What are home remedies for a dislocated shoulder?
When a shoulder injury occurs and there is concern about a fracture or dislocation, the patient likely needs to seek medical attention urgently.
Initial first aid at the scene may include
- immobilizing the shoulder, perhaps by placing it into a sling,
- applying ice packs to the affected area, and
- not allowing the patient to have anything to eat or drink, in case sedation is required to reduce the shoulder. Vomiting may occur as a side effect of some of the medications used for sedation, and it is best to have an empty stomach to prevent complications.
It is also important to make certain that no other injury has occurred. If needed, it may be appropriate to call 911 and activate emergency medical services.
Some patients who have had previous shoulder dislocations and have unstable joints may be able to reduce (relocate) their shoulder spontaneously when they feel it pop out of the joint.
What is the treatment for a dislocated shoulder?

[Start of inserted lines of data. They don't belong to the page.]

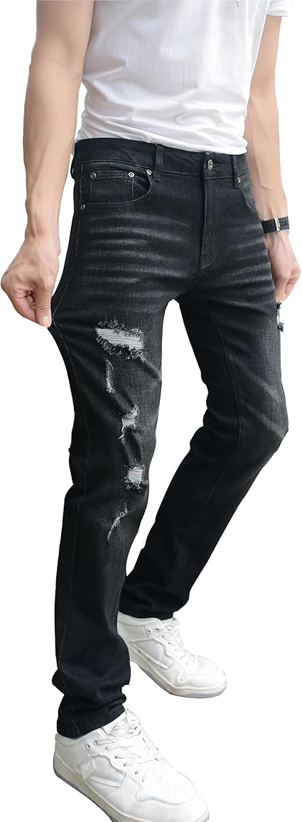 CICOS Mens Jeans Slim Fit Stretch Ripped Jeans for Men Relaxed fit Distressed Straight Leg Fashion Cotton Comfort Flex Pants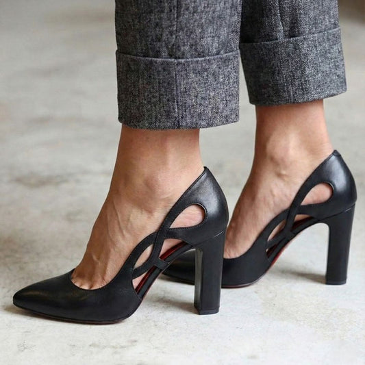 Elegant sort spids tå med udskæringsdesign og høje blokhæle [Forudbestilling]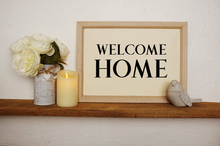 Welcome Home text written on whiteboard with candle light and bird statue on wooden shelf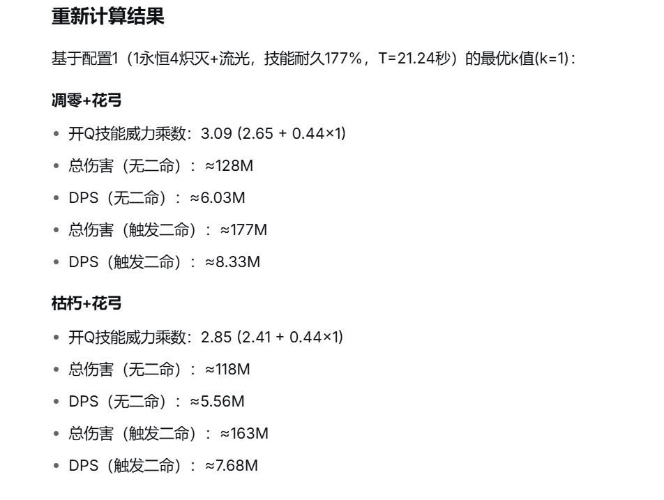 结论:1永恒1决断4炽灭(考虑永恒时)(总伤最高)

The purpose of the initial treatment of a dislocated shoulder is to reduce the dislocation and return the humeral head to its normal place in the glenoid fossa. There are a variety of methods that may be used to achieve this goal. The decision as to which one to use depends upon the patient, the situation, and the experience of the clinician performing the reduction. Regardless of the technique used, the hope is to be able to efficiently reduce the dislocation with a minimum of anesthesia required. Most attempts at closed reductions are successful; that is, no incision or cut is made into the joint to assist in returning the bones to their normal position. The term "open reduction" refers to performing surgery to repair the dislocation. Common methods for reduction of a shoulder dislocation are described below.
The patient may be sitting up or lying prone. The health care professional attempts to rotate the shoulder blade, dislodging the humeral head, and allowing spontaneous relocation. An assistant may be needed to help stabilize the arm.
External rotation (Hennepin maneuver)
With the patient lying flat or sitting up, the health care professional flexes the elbow to 90 degrees and gradually rotates the shoulder outward (external rotation). Muscle spasm may be able to be overcome after five to 10 minutes of gentle pushing, allowing the shoulder to spontaneously relocate. The Milch technique adds gentle lifting of the arm above the head to achieve reduction.
With the patient lying flat, a sheet is looped around the armpit. While the health care professional pulls down on the arm, an assistant, located at the head of the bed, pulls on the sheet to apply counter traction. As the muscles relax, the humeral head is able to return to its normal position.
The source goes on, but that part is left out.